The result was more slower numbers (Angie, Dead Flowers, You Got The Silver); no song vote (I assume to control the setlist more easily, or maybe someone just forgot to post it), and one song less – no Gimme Shelter. That Shelter decision seemed to be made at the last minute, just after JJF, in a hasty Mick/Keith chat. Ronnie had the wrong guitar for the encore start as a result, I think, and the show ended after two remarkably high energy hours, all things considered.

Lots of us thought Mick was struggling with his voice later on, which of course means much more work for Bernard. I suspect the sax players, even the French horn player, would have strained their throats blowing in this atmosphere. This hot air originated in North Africa so was fairly dry, but probably loaded with small dust particles from the Sahara. But it’s possible then even Mick is human, and after nearly two hours of dancing and singing he was exhausted and boiling over. Only Keith seemed to me to be immune to the heat – but then he loves the Caribbean, and is playing like a man possessed in the last few gigs – he probably just switched off his body’s heat sensors.

The playing was a little looser than normal, but not ragged, not torn and frayed: still well into Stones-style territory. Some missed notes; a couple of solos starting in wrong keys; some songs felt a little abbreviated. Unusually the sound in my area at the edge of the Pit was not so good. There seemed to be volume changes from guitars and keyboards at strange times. The bass notes especially from drums and bass guitar, seemed a bit too high in the mix. Maybe the equipment (from instruments, via amps, effects, mixing desk, PA amps and speakers) was operating outside of it’s designed temperature range (check your mobile – its only supposed to work up to 35C). It didn’t spoil my evening: there were other issues on my mind.

It was a trial for many in the audience, especially those standing, but I don’t think that really lessened their enjoyment. Let’s face it most of the audience were being careful – except for the guy who kept walking into me until security gently encouraged him out of the Pit before I felt the need to do so, but not so gently. The Pit entrance “security” near me was useless until a few songs into the set. A huge, 3 or 4 metre wide entrance with 2 or 3 people trying to keep it secure. The result: plenty of people managed to evade the checks, and the Pit was rammed full from one side to the other. Then someone with some sense arrived and added some barriers and control was restored. It does really piss people off when they paid the Pit price (happily) and then someone thinks they have the right to charge-in at a much lower price. Lucky Dip is a great idea, but breaking and entering is not!

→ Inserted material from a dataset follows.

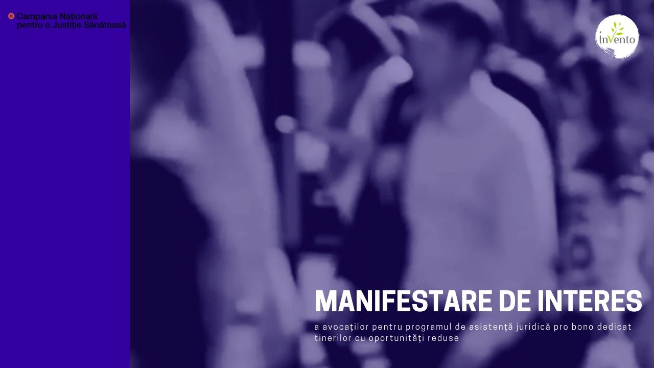 Suntem în căutarea profesioniștilor responsabili, cu înalt spirit civic, care sunt interesați să ofere cunoștințele și experiența lor pentru tinerii cu acces redus la justiție. În această toamnă, prin intermediul unui program outreach de asistență juridică, INVENTO va desfășura un program de asistență juridică primară, pro bono, pentru tinerii din 10 localități ale țării.

I think the Stones have now played 7 gigs in Lyon, starting in 1966. The last two times were at the more conveniently located in Stade Gerland – last night was in the middle of nowhere, and transport home looked very slow for those relying on the normally good French transport infrastructure.

My data suggests that’s 51 shows in total in France, with one more to come at the weekend in Paris. Weather forecast: a bit cooler, but its still summer. Show forecast, assuming Mick’s voice is OK…. should be a storming performance because Paris is one of those “we need to be on top form in front of this audience” cities.


Review by Matt Shields

Since so many reviews are very specific about each song, quality of guitars, and comparative history -- and done well -- I always prefer to speak a little of my overall experience.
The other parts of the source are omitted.